One of the words I use a lot when reviewing Apple products is opinionated. I firmly believe that great art or design can’t happen without a point of view—and the more you depart from a focused point of view, the more likely a creation will be compromised, workmanlike… good, maybe, but not great.
When it’s at its best, Apple strives for greatness. It doesn’t always get there—and every now and then you get the sense it’s not actually trying to get there—but when things are hitting on all cylinders, Apple releases products that are backed by a strong point of view about what will delight and serve its customers.
The MacBook, for example, is a product based on a focused vision: That a single port and a slower class of processor are worthy trade-offs for an incredibly thin and light computer with a Retina display. You don’t have to agree with Apple’s take—in the case of the MacBook, the company’s practically daring you to disagree—but you can’t deny that it’s an amazing execution of a particular set of priorities.
I’ve been thinking about Apple’s approach to products this week because I read Steven Levy’s excellent
inside look at the new Apple Park campus for Wired. It’s worth a read—I highly recommend it, if you haven’t dug in yet.
Levy’s been covering Apple longer than just about anyone, and in great detail.

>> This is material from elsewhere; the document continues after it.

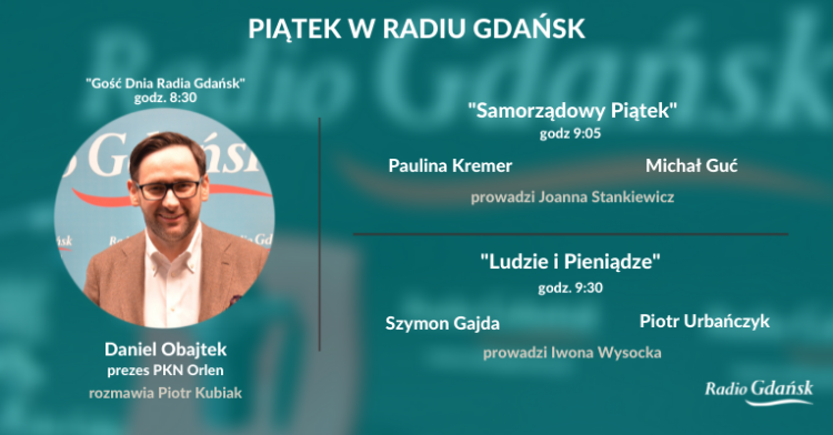 Poranek rozpoczniemy o godz. 8:30 audycją „Gość Dnia Radia Gdańsk”. Czy przejęcie polskiego górnictwa naftowego i gazownictwa przez PKN Orlen zagwarantuje Polsce bezpieczeństwo paliwowo-energetyczne i wpłynie na stabilność cen nośników energii? O tym Piotr Kubiak porozmawia z Danielem Obajtkiem, prezesem koncernu.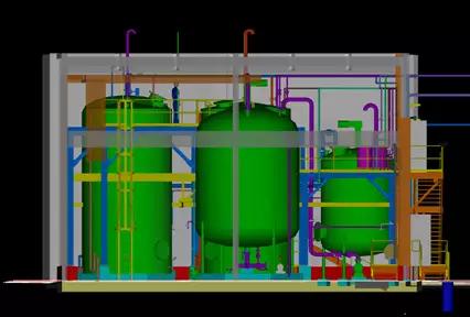 Process/Piping/Mechanical Design. The process design for the project revolved around raw material transfer, storage, and batching. Matrix’s process and piping engineers developed the P&IDs with the customer team and used its 3D modeling software along with the point cloud to engineer the interconnecting piping between the raw material tanks, batch tank, flammable storage room, and filler. The Matrix team also developed tank and mechanical equipment specifications and aided the customer by vetting bids and making recommendations for the purchase of tank and mechanical equipment.

In his story about Apple Park, he suggests that the facility itself is an Apple product—in fact, the last product to truly be conceived of by Steve Jobs. (It’s why the story’s headline, “One More Thing”, is so bittersweet.)
Here’s a key section:
Apple Park is the architectural avatar of the man who envisioned it, the same man who pushed employees to produce those signature products. In the absence of his rigor and clarity, he left behind a headquarters that embodies both his autobiography and his values. The phrase that keeps coming up in talks with key Apple figures is “Steve’s gift.”… The current leaders of Apple are determined not to disappoint him in what is arguably his biggest, and is certainly his last, product launch. “I revere him,” Cook says. “And this was clearly his vision, his concept. Our biggest project ever.”
As detailed by Levy, Apple Park is an Apple product through and through. The company took great care to make design decisions, and create custom hardware, at many key points—from the massive glass sheets that required the building of a gigantic furnace, to the toilets, to the handles on the doors, to the pizza boxes in the cafeteria. It’s a one-off product designed by Apple for itself, yes, but it seems to have received the same attention to detail as any other major product launch.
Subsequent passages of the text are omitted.